(AVAILABLE RECORDS Opens)
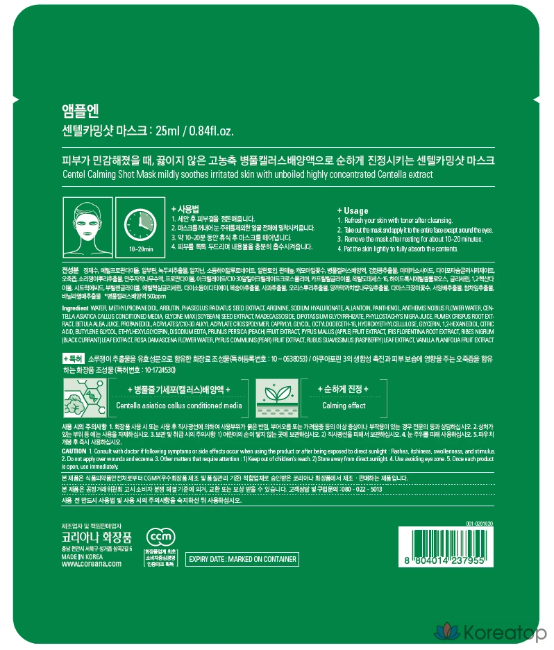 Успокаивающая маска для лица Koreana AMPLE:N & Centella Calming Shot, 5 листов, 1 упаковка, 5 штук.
(AVAILABLE RECORDS Closes)
(AVAILABLE RECORDS Opens)
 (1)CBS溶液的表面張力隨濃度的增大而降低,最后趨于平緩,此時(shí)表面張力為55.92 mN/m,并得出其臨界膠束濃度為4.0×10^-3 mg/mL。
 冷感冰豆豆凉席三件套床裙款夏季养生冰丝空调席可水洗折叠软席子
(AVAILABLE RECORDS Closes)
(AVAILABLE RECORDS Opens)
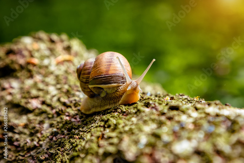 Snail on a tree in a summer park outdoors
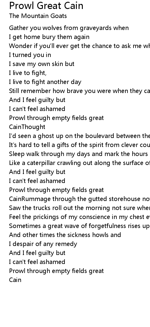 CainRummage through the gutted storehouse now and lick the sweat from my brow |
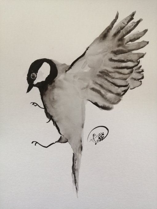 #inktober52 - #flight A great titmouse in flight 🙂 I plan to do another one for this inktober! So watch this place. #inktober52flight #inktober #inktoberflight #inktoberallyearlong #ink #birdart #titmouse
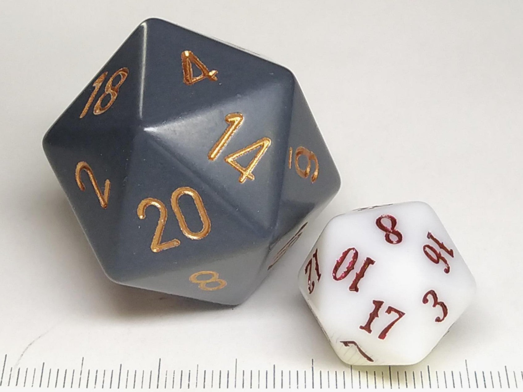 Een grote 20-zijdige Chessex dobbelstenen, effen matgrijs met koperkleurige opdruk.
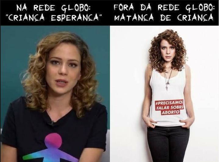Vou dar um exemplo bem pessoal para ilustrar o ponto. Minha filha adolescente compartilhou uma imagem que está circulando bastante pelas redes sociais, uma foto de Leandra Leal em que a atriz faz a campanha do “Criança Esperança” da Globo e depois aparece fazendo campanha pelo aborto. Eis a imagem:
(AVAILABLE RECORDS Closes)
YOUR INSTRUCTIONS: Above are records; write out the lines from the one with "Snail on a tree in a summer park outdoors" down to the one with "Vou dar um exemplo", exactly, leaving the pictures out.

WRITTEN REPLY:
 Snail on a tree in a summer park outdoors
 CainRummage through the gutted storehouse now and lick the sweat from my brow |
 #inktober52 - #flight A great titmouse in flight 🙂 I plan to do another one for this inktober! So watch this place. #inktober52flight #inktober #inktoberflight #inktoberallyearlong #ink #birdart #titmouse
 Een grote 20-zijdige Chessex dobbelstenen, effen matgrijs met koperkleurige opdruk.
Vou dar um exemplo bem pessoal para ilustrar o ponto. Minha filha adolescente compartilhou uma imagem que está circulando bastante pelas redes sociais, uma foto de Leandra Leal em que a atriz faz a campanha do “Criança Esperança” da Globo e depois aparece fazendo campanha pelo aborto. Eis a imagem:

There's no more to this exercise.